Abstract
Regulatory T cells, Tregs, are a subset of lymphocytes that have immunosuppressive attributes. They are elevated in blood of glioblastoma patients and within this tumor's tissue itself. Indoleamine 2,3-dioxygenase, IDO, converts tryptophan to kynurenine. IDO activity enhances Treg formation by pathways that are unknown. Experimentally, inhibition of IDO decreases Treg function and number in rodents. The common anti-viral agent acyclovir inhibits IDO. Acyclovir may thereby decrease Treg function in glioblastoma. If it can be confirmed that Treg counts are elevated in glioblastoma patients' tumor tissue, and if we can document acyclovir's lowering of tissue Treg counts by a small trial of acyclovir in pre-operative glioblastoma patients, a trial of acyclovir effect on survival should be done given the current poor prognosis of glioblastoma and the well-established safety and low side effect burden of acyclovir.
Highlights
Glioblastoma constitutes about half of all primary brain tumors and has a median survival time of 10 to 18 months with current standard treatment of maximal primary resection, irradiation, and temozolomide [1,2]

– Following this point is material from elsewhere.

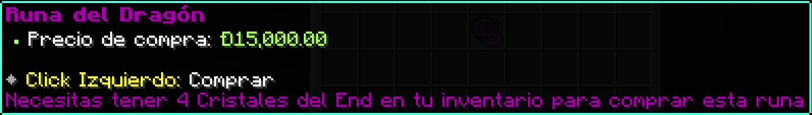 Al abrir el panel de objetos especiales podrás observar la Runa del Dragon con su precio y descripción de requisitos para poder utilizarlo, como se a mencionado anterior mente es necesario como requisito tener los 4 cristales del end en el inventario.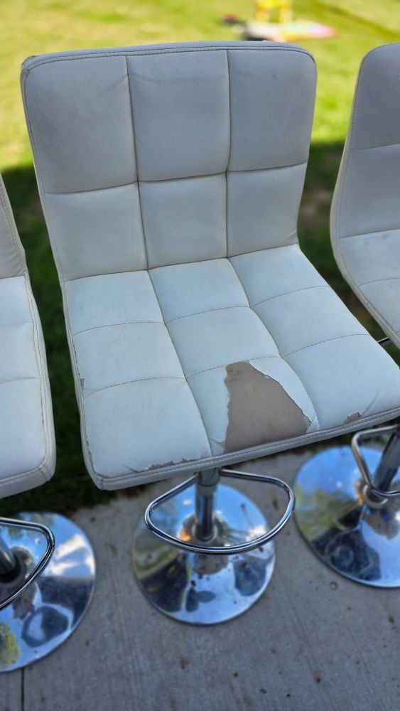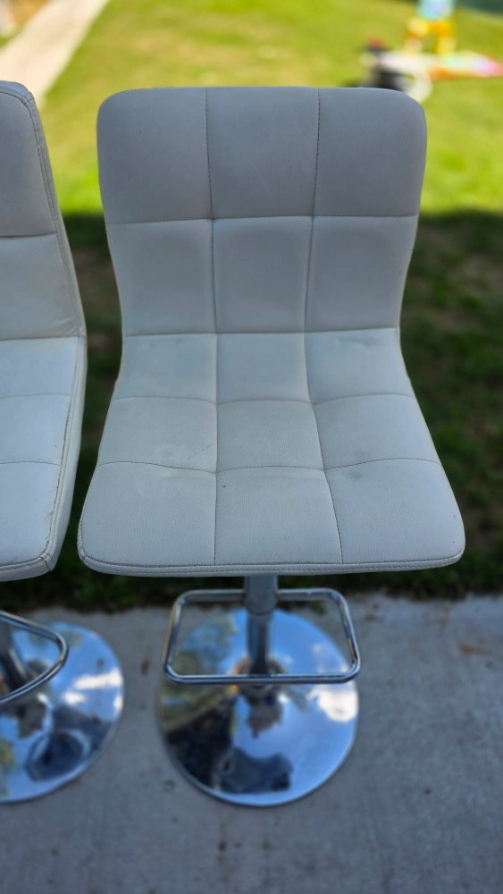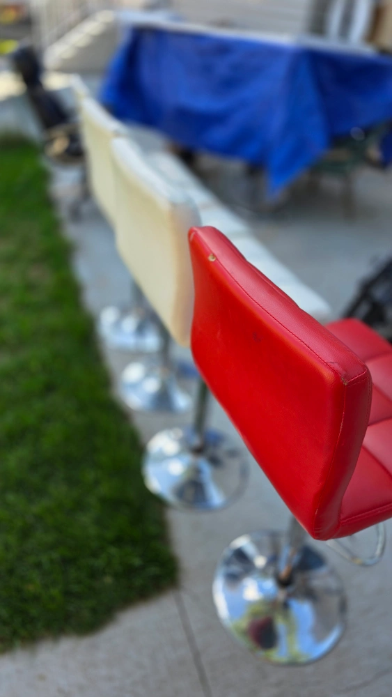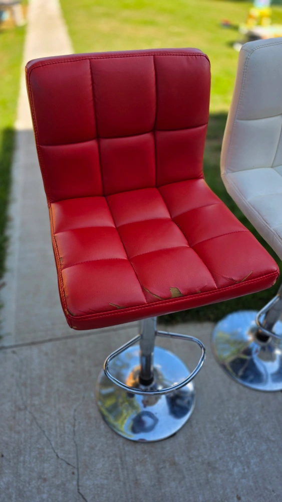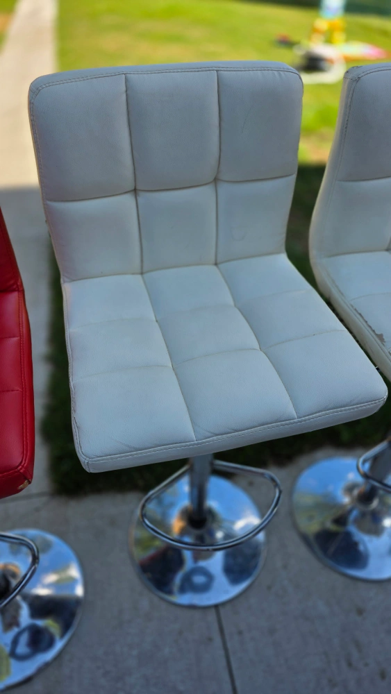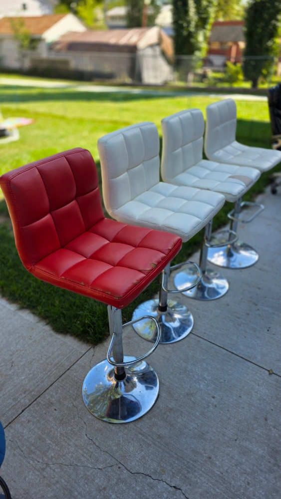 Selling these bar stools, perfect for your kitchen island or bar area! There's one red and three white stools. Please note that the red and white stools has some wear and tear on the seat, as shown in the pictures. Everything work great. Pick up at Delton area! _____ ALSO I CAN DELIVER!

In the effort to find better treatments we reviewed past research on immunosuppressive lymphocytes in glioblastoma and looked for data that might indicate a clinically realizable path using currently available drugs to inhibit immunosuppressive lymphocytes
Since TDO is stimulated by cortisol and other adrenal corticosteroids [30] we suggest that one mechanism underlying stress-related Herpes labialis outbreaks is increased activity of TDO, which upregulates Treg activity
Summary
Glioblastoma constitutes about half of all primary brain tumors and has a median survival time of 10 to 18 months with current standard treatment of maximal primary resection, irradiation, and temozolomide [1,2]. Acyclovir may prolong survival of glioblastoma patients via its inhibition of thymidine kinase, which is expressed by CMV-infected cells Another antiviral agent, gancyclovir, is marginally more efficient than acyclovir against CMV and may be interesting to test as adjunct to current glioblastoma protocol, its inhibitory activity against IDO remains unknown. In accordance with our hypothesis of induction of IDO and recruitment of Tregs, a case study of a glioblastoma patient has described the development of a strong CMV-specific T cell response elicited by treatment with autologous tumor lysate-pulsed DCs [50]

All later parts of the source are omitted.